Task prompt =>
Reproduce the following data exactly, minus any images.

Collected material =>
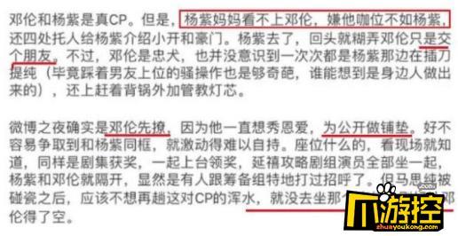 对于小编的疑问,爆料者也在后文解释了,是因为杨紫的妈妈看不上邓伦,嫌弃邓伦的咖位不如杨紫,杨紫目前是娱乐圈的一线明星,但是邓伦还算不上是一线明星。还表示在微博之夜那天,邓伦秀恩爱就是为了接下来的公开做铺垫,还因为获得了跟杨紫同框的机会,激动不已,但是杨紫却一点不想公开恋情,全程异常的冷漠。
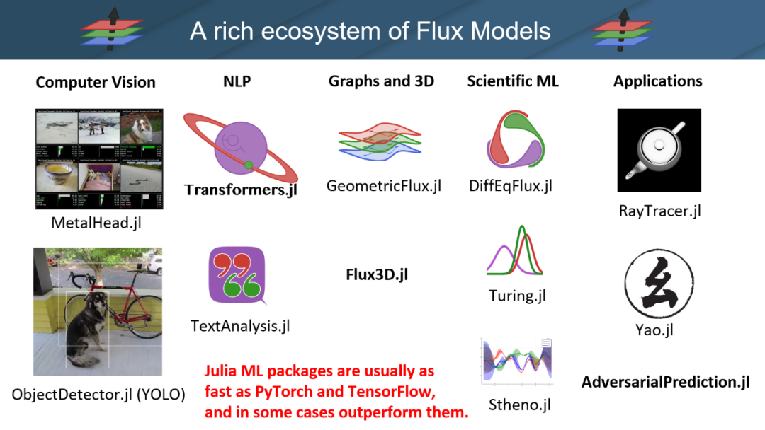 在过去的一年,Julia 社区贡献了许多模型。在 CV 方面,他们贡献了图像识别和对象检测模型;在 NLP 方面,他们有用于翻译的 Transformer 模型;在 3D 图形方面,Julia 的 GeometricFlux 和 Flux3D 软件包要优于 Pytorch 和 TensorFlow 中的同类框架。
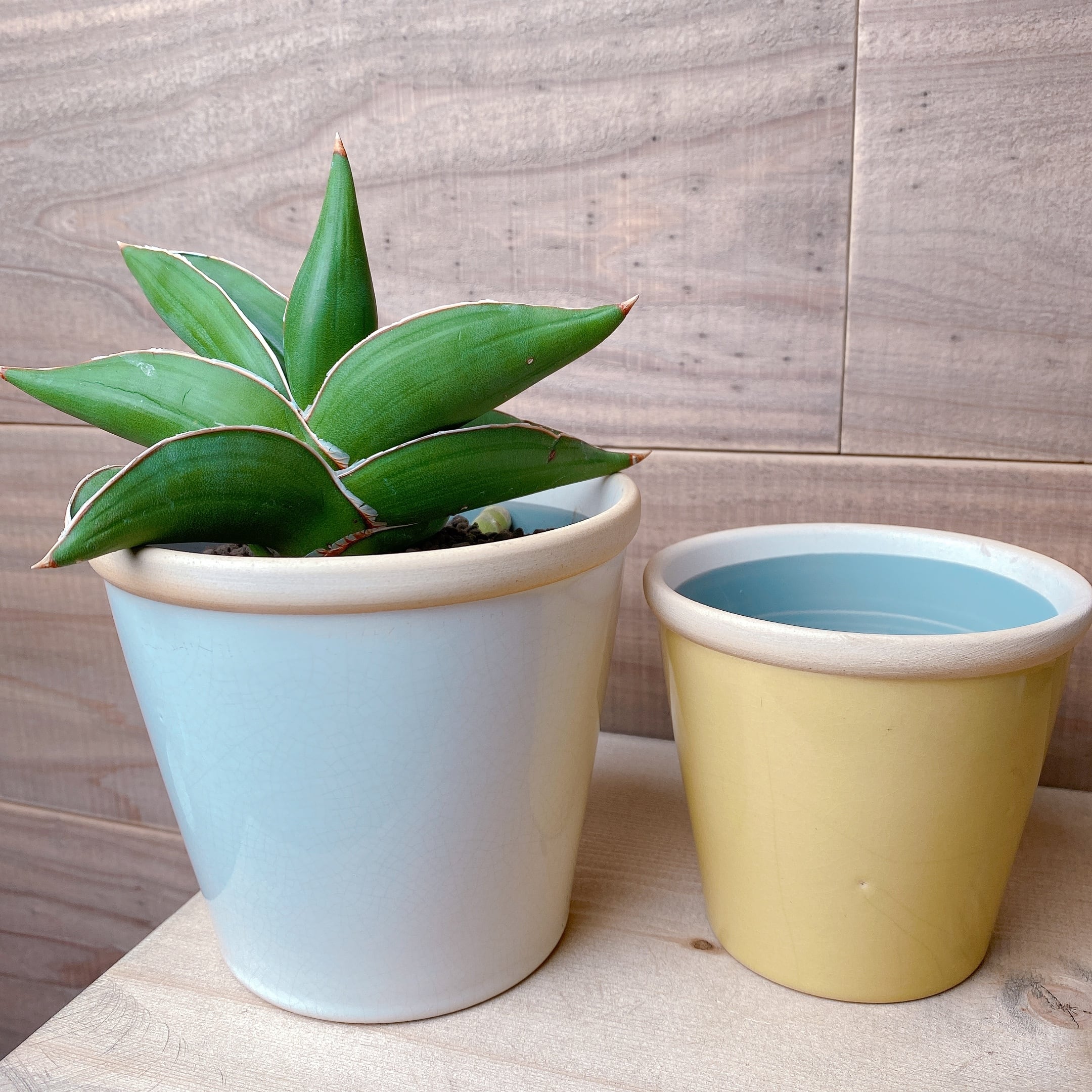 落ち着いた色味のシンプルな陶器鉢を合わせました
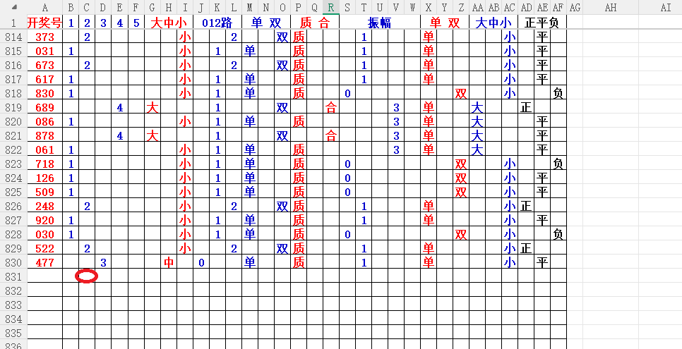 如上图8,012路分析1路出的概率大,本期可以从2路号入手,也就是23数。

Exercise answer =>
 对于小编的疑问,爆料者也在后文解释了,是因为杨紫的妈妈看不上邓伦,嫌弃邓伦的咖位不如杨紫,杨紫目前是娱乐圈的一线明星,但是邓伦还算不上是一线明星。还表示在微博之夜那天,邓伦秀恩爱就是为了接下来的公开做铺垫,还因为获得了跟杨紫同框的机会,激动不已,但是杨紫却一点不想公开恋情,全程异常的冷漠。
 在过去的一年,Julia 社区贡献了许多模型。在 CV 方面,他们贡献了图像识别和对象检测模型;在 NLP 方面,他们有用于翻译的 Transformer 模型;在 3D 图形方面,Julia 的 GeometricFlux 和 Flux3D 软件包要优于 Pytorch 和 TensorFlow 中的同类框架。
 落ち着いた色味のシンプルな陶器鉢を合わせました
 如上图8,012路分析1路出的概率大,本期可以从2路号入手,也就是23数。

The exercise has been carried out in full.